Amendment 64: Should retail marijuana shops be limited to Colorado residents?
Once retail shops for recreational marijuana can open their doors in Colorado, who will actually be allowed to use them? This was one of the questions raised at a meeting yesterday of the Amendment 64 task force charged with making recommendations on implementing the new law. We'll likely see more debate over the next month on the question of whether retail pot shops should be limited to in-state residents.
These were the very preliminary debates that came up yesterday at the first meeting of the so-called "regulatory framework working group," -- a sub-committee of Governor John Hickenlooper's Amendment 64 Implementation Task Force, which he formed when he officially signed the measure into law last month.
The group, which held its first full meeting a few weeks ago, will make recommendations on everything from local control to consumer-safety issues to tax and funding policy. Its members have until the end of February to debate and present concrete policy suggestions on how the state can move forward with implementing legalization.
Representative Dan Pabon, who is co-chairing the regulatory framework group, tells Latest World that one of the questions raised focused on what kind of requirements the state should have on those who can buy pot at retail joints.
Representative Dan Pabon at an Obama event last year.
"No decisions were made, of course, but the question is whether or not allowing non-Colorado residents to access the industry was going to basically cause the feds to step in," says Pabon, "because then this...[is] interstate commerce...and therefore crossing state boundaries."
As we've noted, A64 is set up such that lawmakers have to create the framework for retail establishments, meaning they would likely not be able to open their doors until 2014 at the earliest. This, however, has not stopped some local municipalities from passing ordinances in advance to ban commercial pot.

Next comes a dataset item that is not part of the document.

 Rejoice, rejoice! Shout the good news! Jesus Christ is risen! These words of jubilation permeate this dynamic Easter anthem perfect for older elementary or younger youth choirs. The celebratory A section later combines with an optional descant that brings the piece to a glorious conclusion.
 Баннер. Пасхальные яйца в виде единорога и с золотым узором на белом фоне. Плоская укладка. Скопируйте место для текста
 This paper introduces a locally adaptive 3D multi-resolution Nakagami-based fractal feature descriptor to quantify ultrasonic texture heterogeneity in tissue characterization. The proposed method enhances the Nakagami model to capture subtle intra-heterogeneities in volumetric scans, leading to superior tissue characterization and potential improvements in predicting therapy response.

And the uncertainty of potential enforcement from the federal government, which maintains that marijuana is illegal, seems to be looming over some of the debates at the task force.
Pabon says he is still deciding what his recommendation will be regarding residency requirements.

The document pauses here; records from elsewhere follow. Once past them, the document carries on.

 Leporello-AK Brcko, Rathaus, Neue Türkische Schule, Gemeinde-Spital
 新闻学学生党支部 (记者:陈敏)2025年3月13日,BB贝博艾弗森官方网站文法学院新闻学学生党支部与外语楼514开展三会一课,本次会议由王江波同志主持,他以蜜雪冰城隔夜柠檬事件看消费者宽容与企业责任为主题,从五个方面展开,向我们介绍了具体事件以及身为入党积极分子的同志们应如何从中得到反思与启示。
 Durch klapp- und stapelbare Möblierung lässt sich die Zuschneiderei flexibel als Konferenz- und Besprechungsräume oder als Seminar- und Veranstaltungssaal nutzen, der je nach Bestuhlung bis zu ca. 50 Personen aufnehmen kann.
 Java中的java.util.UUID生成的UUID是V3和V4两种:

"I haven't made up my mind on what the best public policy is," he says.
Mark Couch, a spokesman with the state's Department of Revenue who is now acting as a spokesman for the task force, says that the regulatory group briefly discussed residency requirements relating to both customers of the shops as well as those who will be operating them.

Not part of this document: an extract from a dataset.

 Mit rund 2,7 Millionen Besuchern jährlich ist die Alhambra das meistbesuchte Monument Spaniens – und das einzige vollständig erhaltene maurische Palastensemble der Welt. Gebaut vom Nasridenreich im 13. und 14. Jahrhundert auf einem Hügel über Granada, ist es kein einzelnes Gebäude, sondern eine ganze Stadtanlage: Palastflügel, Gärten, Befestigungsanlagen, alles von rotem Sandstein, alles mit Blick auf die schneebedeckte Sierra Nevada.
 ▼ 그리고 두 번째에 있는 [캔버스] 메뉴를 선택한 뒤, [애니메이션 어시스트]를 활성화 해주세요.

"They raised it as a question," he says. "It's something they want to discuss."
Inside the first task force meeting last month.
Pabon explains that his group is looking at the regulatory frameworks that exist for medical marijuana, gaming and liquor as potential models for setting up recreational marijuana.
One of the other major debates that emerged, he says, is around vertical integration -- whether these establishments should be allowed to both manufacture and sell their product. It's a complicated question, he says, because in the alcohol industry, vertical integration is not allowed -- i.e. Coors has a factory, but can't have a Coors liquor store -- and in the medical marijuana industry, this kind of integration is essentially required.
"This is the time to overview our other industries and what works and what doesn't," he says.
Many in his group, like him, are still working through these issues, he says. "I don't know if anyone came in with their minds made up."
Concerns around the contradictions of federal and state law are a part of the discussion at the regulatory group, he says. Specifics on federal enforcement, he says, "would certainly be a factor in whether or not we would adopt or fully consider a residency requirement."
In general, he says, there's a lot to be debated in a short amount of time -- but it's an important step for the state.
"It's exciting," he says. "This is a new frontier in Colorado. Hhaving the ability to set a foundation that protects the public safety and our children, but at the same time fulfills the intent of the voters, is something you don't get to do very often."